TO half_s :size :level
if :level = 0 [fd :size stop]
half_s :size :level - 1
lt 45 fd :size * sqrt 2 lt 45
half_s :size :level - 1
rt 90 fd :size rt 90
half_s :size :level - 1
lt 45 fd :size * sqrt 2 lt 45
half_s :size :level - 1
END
TO sierpinski :size :level
repeat 2 [
half_s :size :level
rt 90 fd :size rt 90
]
END
TO sierp
cs pu back 180 pd sierpinski 3 5
END
sierp
Instead of drawing lines, we can construct triangles out of ‘pins’ dropped at appropriate points:
TO half_s :size :level
penup
if :level = 0 [fd :size stop]
pin
;pin marks a point for use with pinfrag
half_s :size :level - 1
lt 45 fd :size * sqrt 2 lt 45
half_s :size :level - 1
rt 90 fd :size rt 90
half_s :size :level - 1
lt 45 fd :size * sqrt 2 lt 45
half_s :size :level - 1
pinfrag
;creates a triangle out of the last three 'pins'
END
sierp
We could drop twice as many pins and then select a color for each ‘frag’ (fragment) triangle from a list:
TO half_s :size :level
pu
if :level = 0 [fd :size stop]
pin
;drop pin
half_s :size :level - 1
lt 45 fd :size * sqrt 2 lt 45
half_s :size :level - 1
pin
;drop another pin
rt 90 fd :size rt 90
half_s :size :level - 1
lt 45 fd :size * sqrt 2 lt 45
half_s :size :level - 1
setfc item :level [9 8 1 13] pinfrag
;pick a color from a list based on the current level and create the fragment
END
sierp
Sierpinski’s Triangle
It’s triangles all the way down!
TO sierpinski :size :level
if :level > 0 [
rt 30
repeat 3 [
fd :size
rt 120
]
left 30
sierpinski :size / 2 :level - 1
rt 30
fd :size / 2
left 30
sierpinski :size / 2 :level - 1
rt 30
back :size / 2
left 30
rt 90
fd :size / 2
left 90
sierpinski :size / 2 :level - 1
left 90
fd :size / 2
rt 90
]
END
TO sierpinskiexample
sierpinski 500 8
END
sierpinskiexample
Neat but a bit plain.

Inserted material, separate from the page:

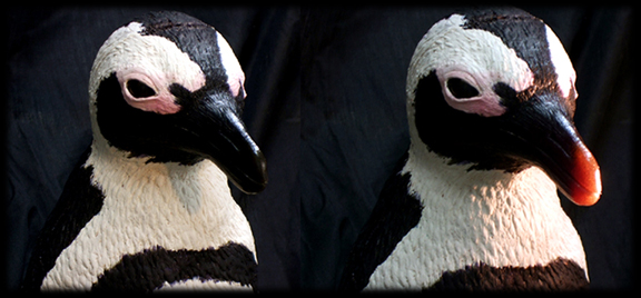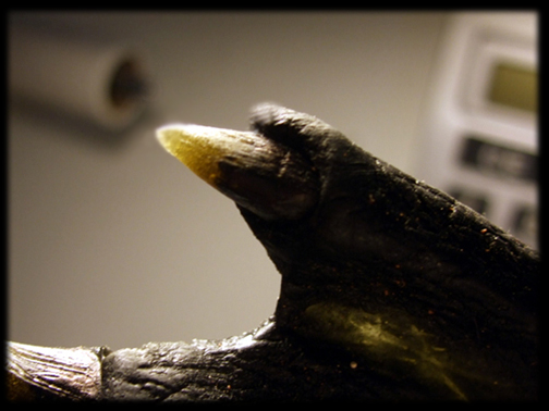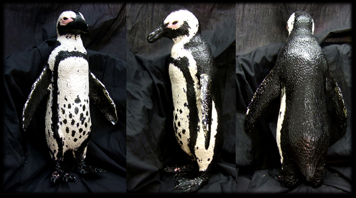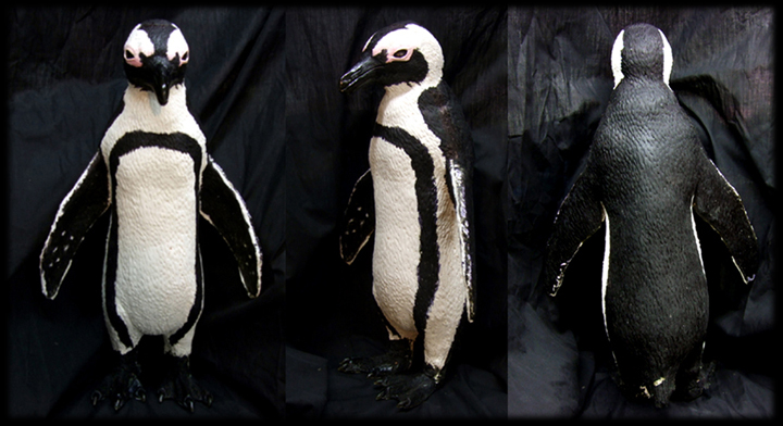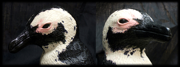 Cast in-mold integral pigment for water-proof plumage pattern and translucent beak and claw. |

We could use frag to create filled triangles, but we need to avoid z-fighting by adding a little bit of code to change the elevation of each ‘level’:
TO sierpinski :size :level
if :level > 0 [
pu setz 0 lower 0.1 * :level
;add above line to avoid z-fighting
rt 30
repeat [
fd :size
rt 120
]
setfc :level
;set the fill color to the current 'level'
frag
;create a filled triangle from the last three points (triangle)
left 30
sierpinski :size / 2 :level - 1
rt 30
fd :size / 2
left 30
sierpinski :size / 2 :level - 1
rt 30
back :size / 2
left 30
rt 90
fd :size / 2
left 90
sierpinski :size / 2 :level - 1
left 90
fd :size / 2
rt 90
]
END
sierpinskiexample
If you seperate the layers more, and use shard instead of frag…
Sierpinski’s Tree
Trees are also a lot of fun, with the potential for so many variations!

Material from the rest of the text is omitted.